I like the church that we go to. I like its exuberance and energy and robust conviction that God is a living, dynamic, transformative, communicating, healing presence in the midst of the community. But you have to wonder about the hermeneutics sometimes.
We were told this last Friday in what was, in many respects, really a quite challenging sermon about prayer, that God wants to pour out abundant blessings on those who love him or ask him. Reference was made to Deuteronomy 28:1-14. The Lord will set you high above the nations; blessed will be the fruit of your womb, of your ground, of your cattle and flocks, your basket, your kneading bowl; you will lend to other people and not need to borrow; the Lord will make you the head and not the tail, and so on. All you have to do is ask or believe… or something along those lines.

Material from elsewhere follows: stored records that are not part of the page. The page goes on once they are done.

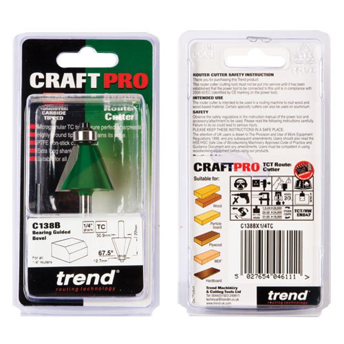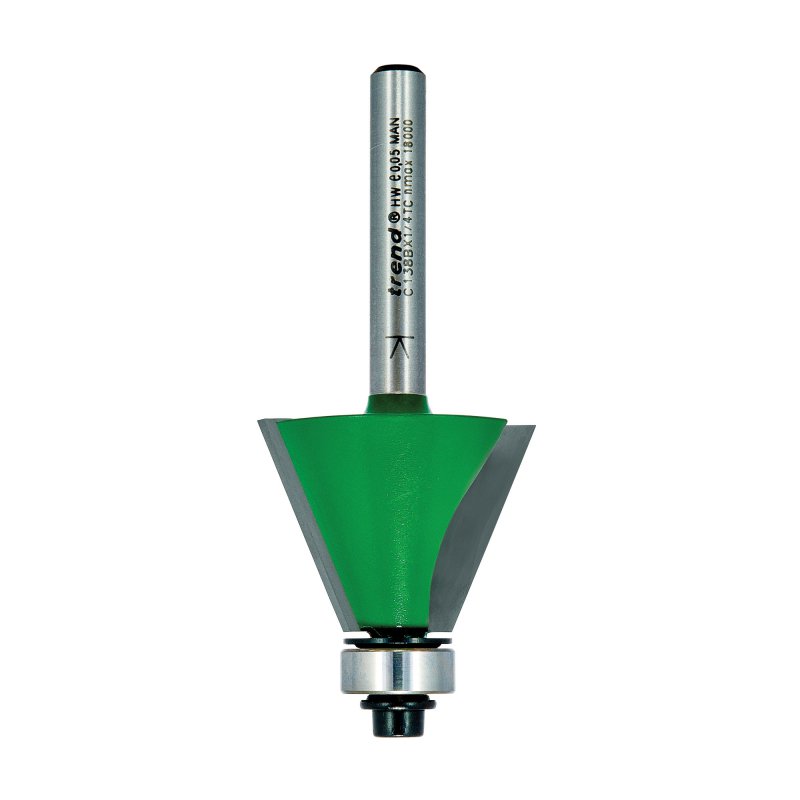 Trend C138BX1/4TC CraftPro Guided Bevel Router Cutter 67.5 Deg x 22mm Cut x 1/4 Shank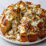 Chicken Alfredo Monkey Bread is a savory, pull-apart bread featuring tender shredded chicken mixed with creamy Alfredo sauce and Italian seasonings, combined with soft biscuit dough and topped with melted mozzarella and Parmesan cheeses. Perfect as a shareable appetizer or a comforting main dish, this recipe offers an easy-to-make, delicious twist on classic monkey bread.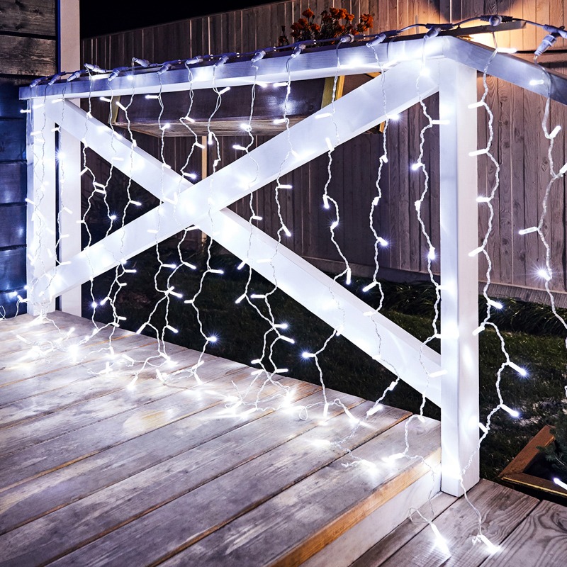 Гирлянда "Светодиодный Дождь" представляет собой гибкий горизонтальный шнур-шину (2м), к которому через определенные промежутки крепятся вертикальные нити (16 шт.) со светодиодными лампами, которые отличаются от «Бахромы» тем, что имеют одинаковую, достаточно значительную длину, часто превышающую протяженность шины. На концах каждой шины есть разъем и штепсель, которые предназначены для последовательного соединения нескольких световых дождей в большой занавес ПЛЕЙ-ЛАЙТ. Используя занавес, можно не только создавать красивые световые занавесы или оформлять различные плоскости, например, фасады домов, окна и т.д., но и украшать объемные объекты.

That’s a rough paraphrase from memory. The bit about the head and the tail (Deut. 28:13) stuck in my mind because it is an example of how in Scripture (and indeed in Hellenistic literature generally prior to the New Testament) the metaphor of ‘headship’ denotes something other than ‘authority’, which of course is relevant for interpretation for passages in which Paul speaks of the man as ‘head’ of the woman. But that’s another story.
The point here is that I’m pretty sure the clear and repeated conditions for divine blessing in this passage were not mentioned: if you faithfully obey the voice of the Lord your God… if you obey the voice of the Lord your God… if you keep the commandments of the Lord your God and walk in his ways… if you obey the commandments of the Lord your God, which I command you today, being careful to do them, and if you do not turn aside from any of the words that I command you today, to the right hand or to the left, to go after other gods to serve them…. There is nothing here about asking for blessing or trusting for blessing.

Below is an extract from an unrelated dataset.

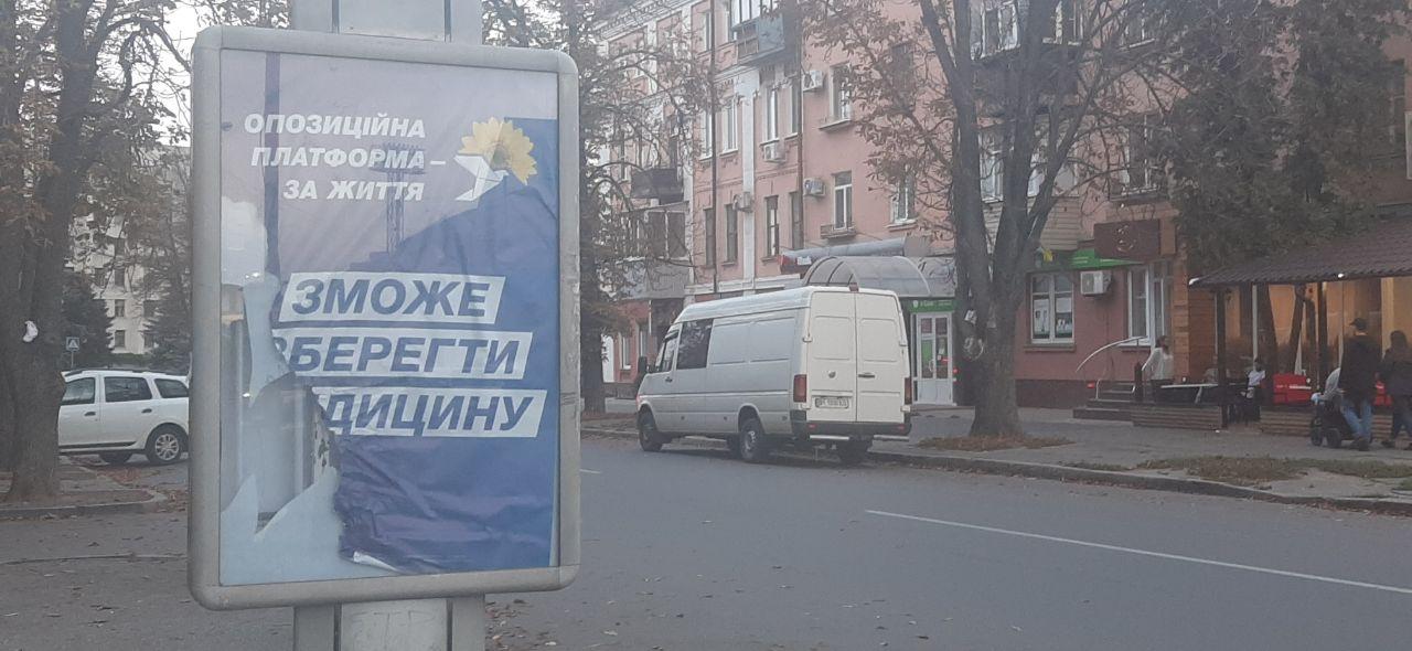 На початку тижня у Кременчуці порвали банери «Опозиційної платформи – За життя», розташовані на металевих щитах у середмісті.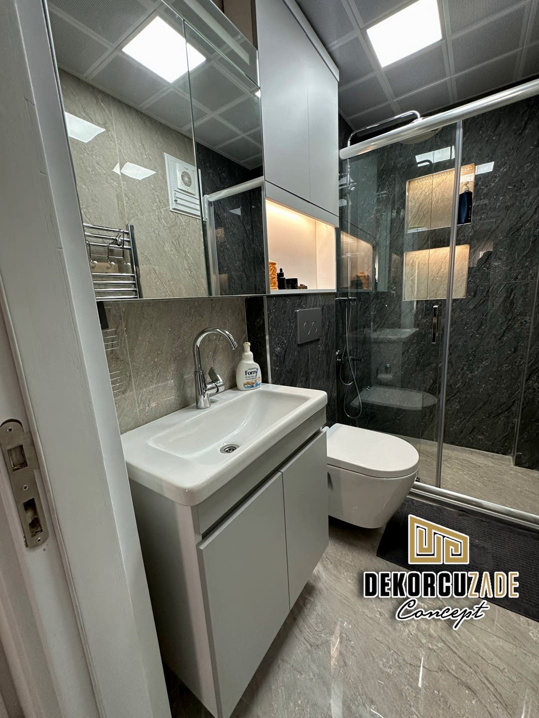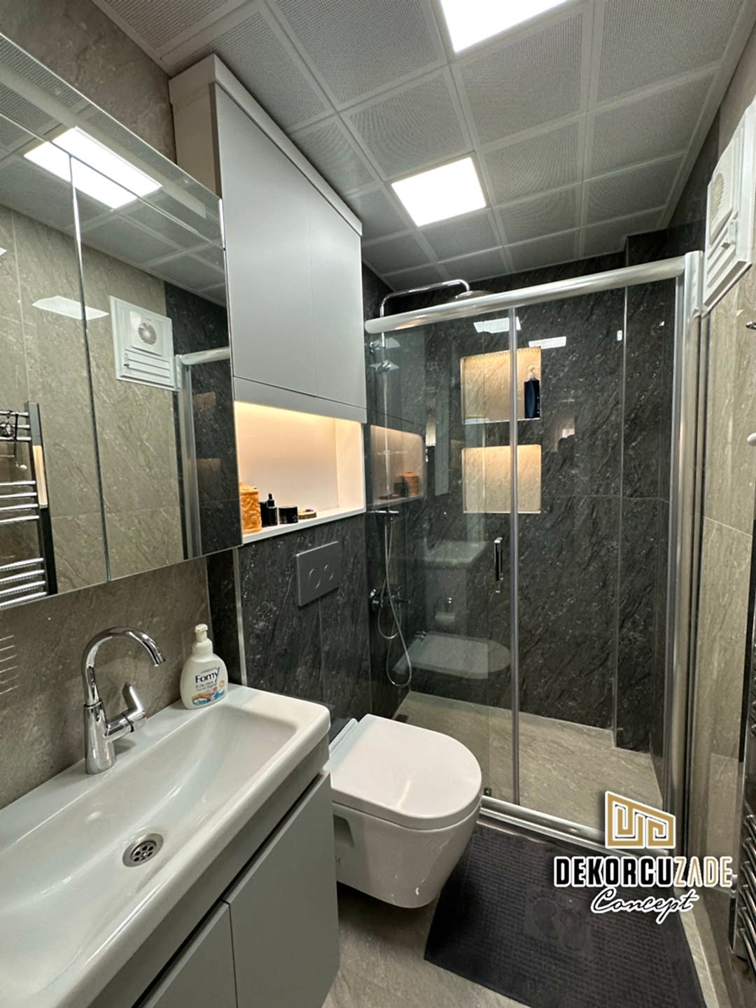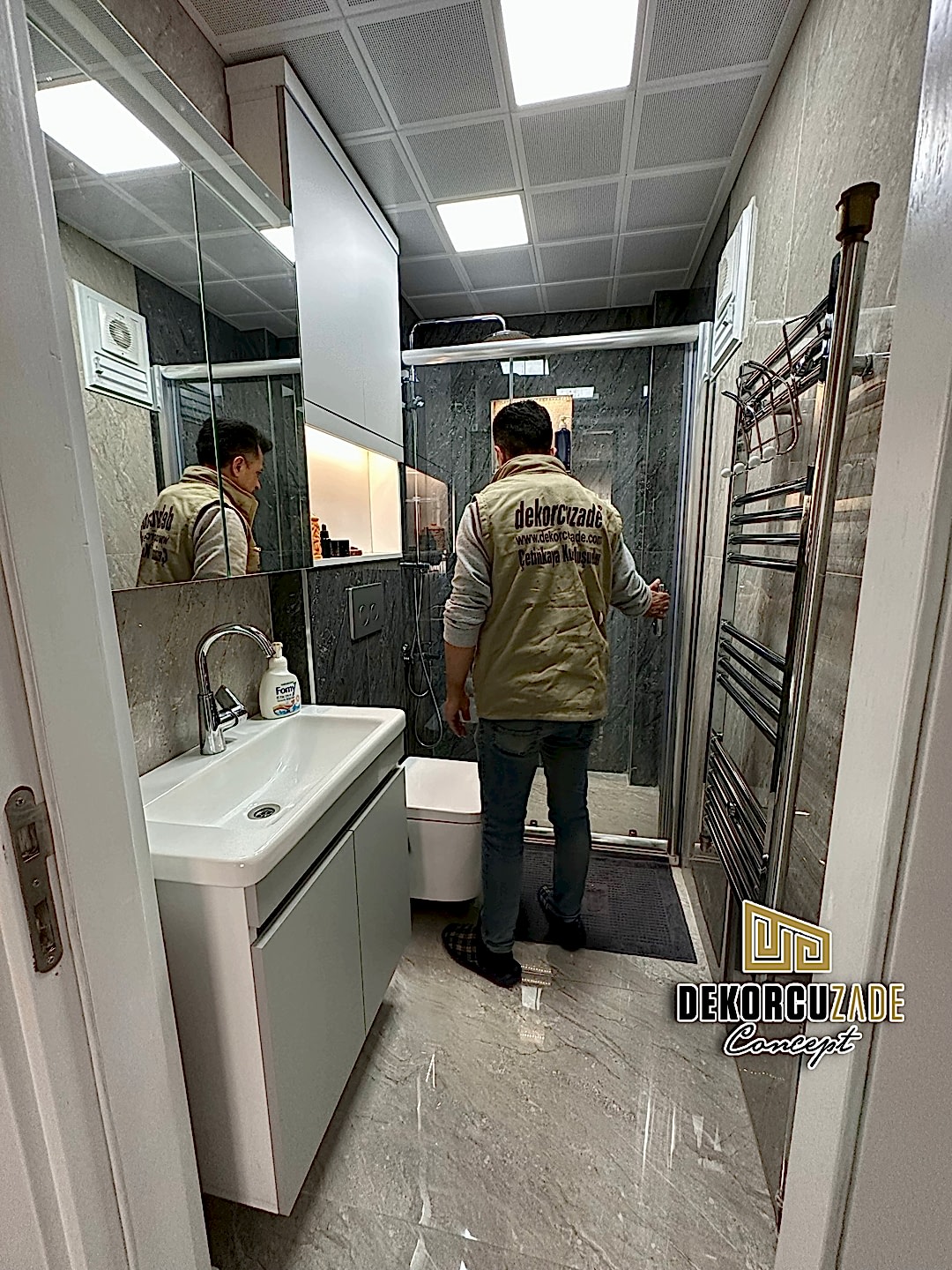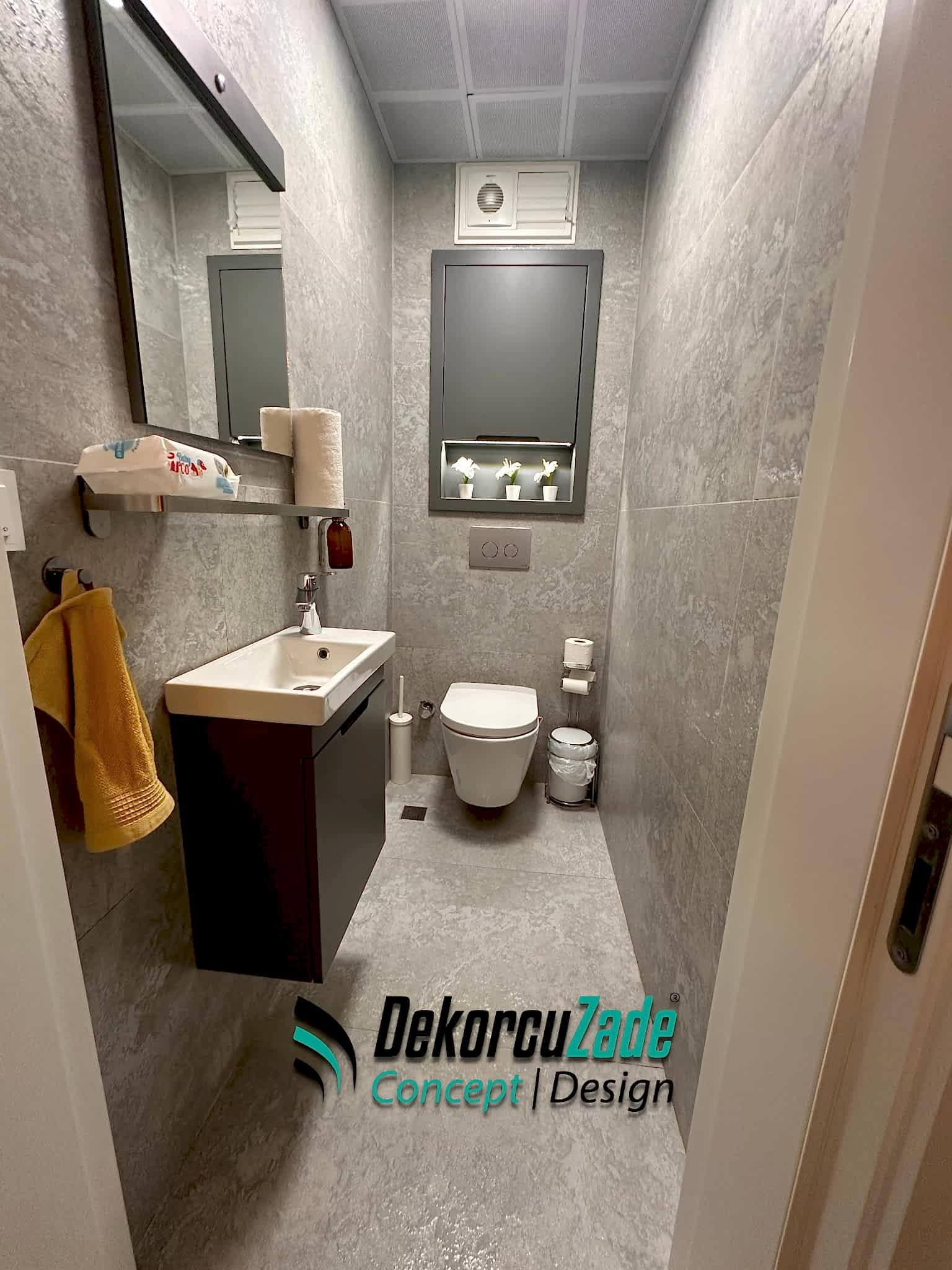 Biz DekorcuZade Concept olarak fabrikalarımızda sadece banyo dolabı üretimi yapmakla kalmıyor, bunun yanında uzman tadilat ekibimizle birlikte banyonuzun tüm ihtiyaçlarını tek bir elden karşılıyoruz. Profesyonel ve kendi bünyemizdeki ekiplerimizle, banyonuzda ihtiyaç duyulan tüm fayans işleri, tesisat işleri, tavan ve zemin uygulamalarını gerçekleştiriyoruz. Üstelik musluğunuza kadar takıp teslim ediyoruz, böylece müşterilerimize tam anlamıyla anahtar teslim bir hizmet sunuyoruz.

And certainly nothing was said about the remaining 53 verses of the chapter, in which the people are warned in no uncertain terms that if they fail to obey the voice of the Lord their God, the blessings will wither before their eyes and become rotten, blackened curses. They will suffer famine, sterility, disease, pestilence, military defeat, invasion, siege, subjugation, and exile, culminating in the threat of being returned to captivity: ‘And the Lord will bring you back in ships to Egypt, a journey that I promised that you should never make again; and there you shall offer yourselves for sale to your enemies as male and female slaves, but there will be no buyer’ (Deut. 28:68).

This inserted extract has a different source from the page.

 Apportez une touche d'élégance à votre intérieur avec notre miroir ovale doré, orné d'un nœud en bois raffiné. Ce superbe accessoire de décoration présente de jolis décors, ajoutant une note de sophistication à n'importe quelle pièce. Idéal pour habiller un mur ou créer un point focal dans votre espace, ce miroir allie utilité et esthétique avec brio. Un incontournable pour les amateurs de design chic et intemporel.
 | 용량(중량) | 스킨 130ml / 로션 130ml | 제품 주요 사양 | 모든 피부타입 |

It seems to me that if we are going to claim for ourselves these sort of material promises, we should pay closer attention to the terms and conditions. It is characteristic of modern church culture that much is said about love and acceptance and trust and blessing, and very little is said about honesty or integrity or justice or righteousness. This may be another reason why the church should fear competition from Islam: we know a great deal about grace and very little about the disciplines of right behaviour.
If, on the other hand, we wish to assert our freedom from the requirements of the Law, then what right do we have pursuing the benefits of Torah-righteousness? Faith for Jesus’ disciples was merely the start of a long, arduous, self-denying, cross-bearing walk along a narrow road leading to life.
It would then be a legitimate question to ask what in concrete terms that ‘life’ was to be. We are not direct actors in the austere eschatological narrative of the New Testament any more than we are Jews living under the jurisdiction of Torah. But again, that is another story.
For now, at least, we should pause to consider whether we really know what we’re doing when we edit scripture down to all the marvellous windfalls of God’s grace and leave the context and caveats and curses on the cutting-room floor. How often do we hear the promises of Isaiah proclaimed with no indication whatsoever that they were made to a people that would have to go through the horrors of war and deportation on account of their persistent failure to live up to the standards of righteousness that should have set them apart from the nations?
Yes, eventually the salvation and justification of this stiff-necked people came through faith in the way of Jesus, but this was a way to fulfil the requirements of the Law, not to circumvent them:
Let not sin therefore reign in your mortal body, to make you obey its passions. Do not present your members to sin as instruments for unrighteousness, but present yourselves to God as those who have been brought from death to life, and your members to God as instruments for righteousness. For sin will have no dominion over you, since you are not under law but under grace. (Rom. 6:12-14)
It seems to me a quite serious mistake – even allowing for the fact that we are a community saved by grace, through faith (Eph. 2:8) – to promise the goodness of God without, somewhere along the way, asking, first, what the conditions for not being blessed might be, and secondly, what the consequences of not meeting those conditions might be.